The data that my colleague talked about when I tried this code is about 40GB in size. For that, it seems that this method can not be used, so I wrote an application in C # separately and solved it.

Recommended Posts

Transpose CSV file in Python Part 2: Performance measurement
Csv in python
File operations in Python
File processing in Python
File operations in Python
Read Python csv file
Speed evaluation of CSV file output in Python
Collectively register data in Firestore using csv file in Python
Use Measurement Protocol in Python
Download the file in Python
UI Automation Part 2 in Python
Download csv file with python
[Python] Open the csv file in the folder specified by pandas
File / folder path manipulation in Python
[Python] Write to csv file with Python
[Automation with python! ] Part 1: Setting file
Linebot creation & file sharing in Python
Create a binary file in Python
Python CSV file reading and writing
ORC, Parquet file operations in Python
[Automation with python! ] Part 2: File operation
Basic Linear Algebra Learned in Python (Part 1)

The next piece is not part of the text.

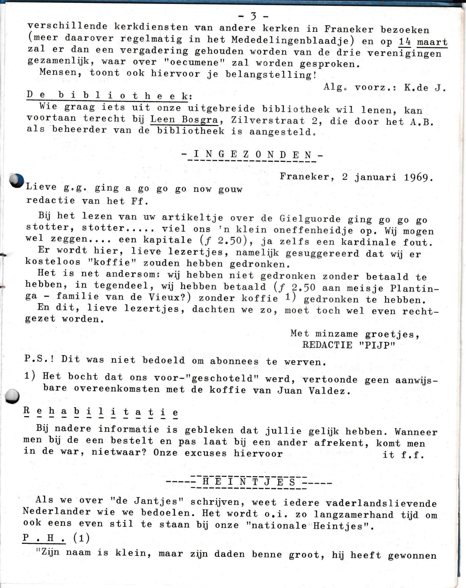 | Beschrijving: | It Fleurige Flittergat: 1969 5ste jaargang nr. 10: Ingezonden. 3 Heintjes. |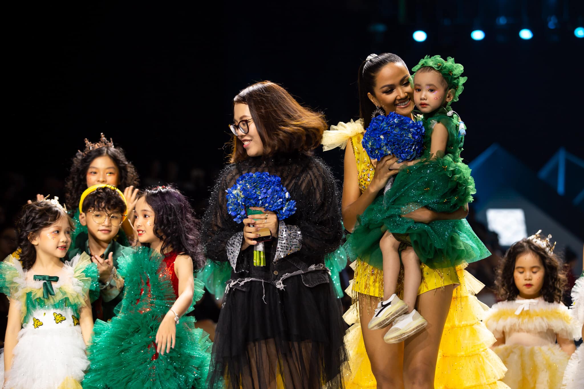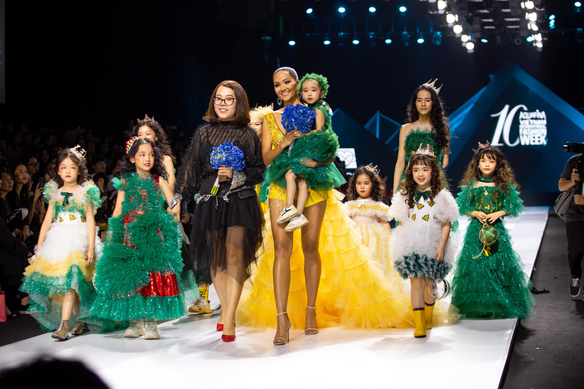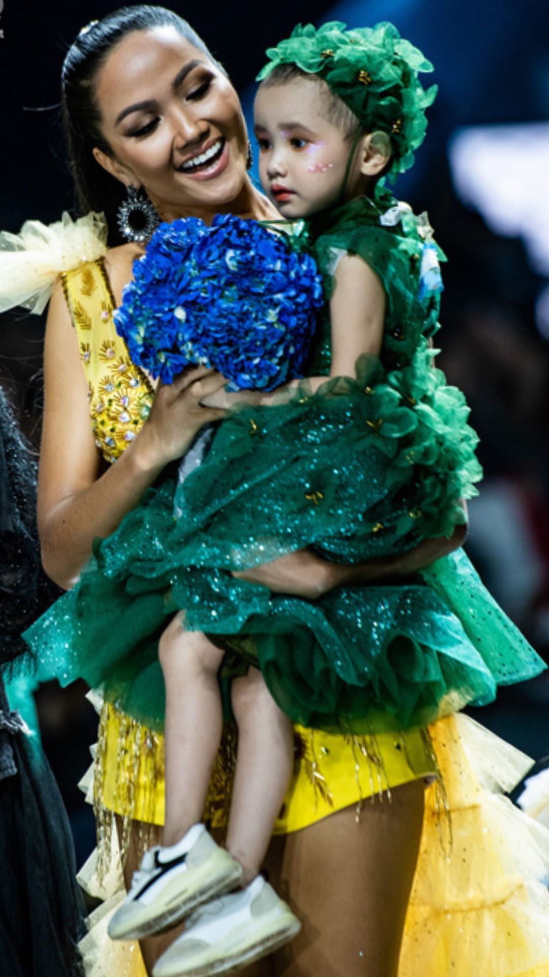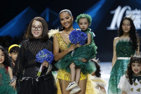 Trong show diễn đặc biệt, bé Hà My khoác lên người bộ váy màu xanh của hy vọng, xuất hiện rạng rỡ trong vòng tay của H'Hen Niê.

Exclusive control with lock file in Python
Data input / output in Python (CSV, JSON)
GUI creation in python using tkinter part 1
AM modulation and demodulation in Python Part 2
Read CSV file with python (Download & parse CSV file)
[Python] Convert csv file delimiters to tab delimiters
Big difference in ruby, python, httpd performance
Write O_SYNC file in C and Python
Read the file line by line in Python
Read the file line by line in Python
[GPS] Create a kml file in Python
[Part1] Scraping with Python → Organize to csv!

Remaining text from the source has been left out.